Without even adjusting your phone, your camera can also somehow provide a desk view (wide angle lenses, perhaps?). This may be useful for a math teacher, for example, who wants to write out the steps to solve an equation without hooking up a tablet. In practice, it probably won’t look as nice as it did at the keynote — whose desk is actually organized?

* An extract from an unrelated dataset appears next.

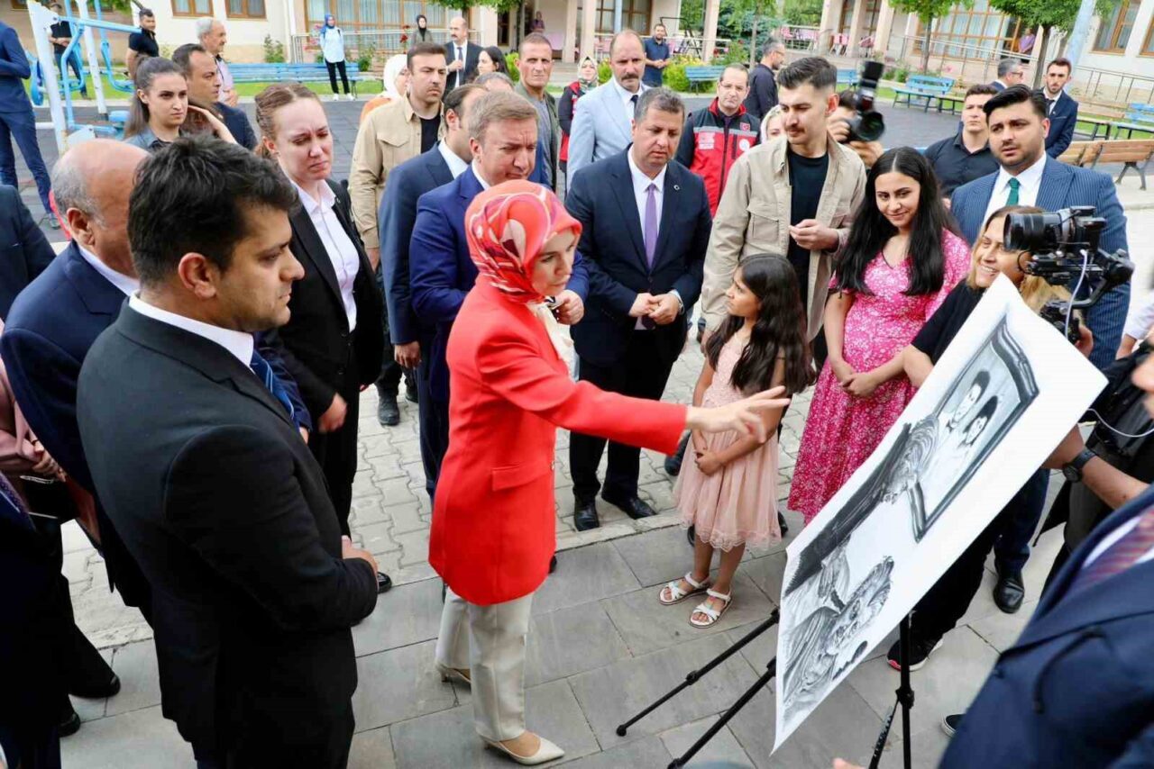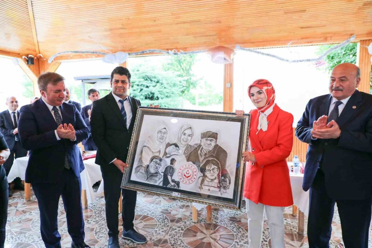 Engelsiz Yaşam Bakım Rehabilitasyon ve Aile Danışma Merkezi’nde kalan özel bireylerle bir süre sohbet eden, onların hal ve hatırlarını soran Aile ve Sosyal Hizmetler Bakanı Mahinur Özdemir Göktaş’a, kurumdaki engelli personel tarafından yapılan ve Bakan Mahinur Özdemir Göktaş’ın dedesiyle birlikte yer aldığı karakalem resim çalışması hediye edildi.

Apple’s webcam on the new M2 MacBooks has been improved, but those of us still using our old MacBooks will be able to utilise our iPhones as webcams (assuming we don’t want to peek at our phones during a Zoom conference). Apple will start selling a Belkin mount that allows you to connect your iPhone to the top of your MacBook later this year. Then you’ll be able to use iPhone camera features like portrait mode, centre stage, and studio light, a new feature that highlights your face while darkening the scene behind you, when on FaceTime chats from your laptop. Other MacOS programmes, such as Zoom, can also use your iPhone camera.
Highlights
These features are expected to be available later this year, along with the Belkin mount. While this is all fun and good, perhaps next time Apple can just put a better camera into the laptop itself.
Continuity Camera is, as its name suggests, part of Apple’s continuity tools. The company will also introduce a handoff feature, which makes it easy to jump between devices while on a FaceTime call. So if you’re FaceTiming on your iPhone, for example, you can place your phone close to your MacBook and seamlessly transfer the call to your laptop, rather than hanging up and calling again.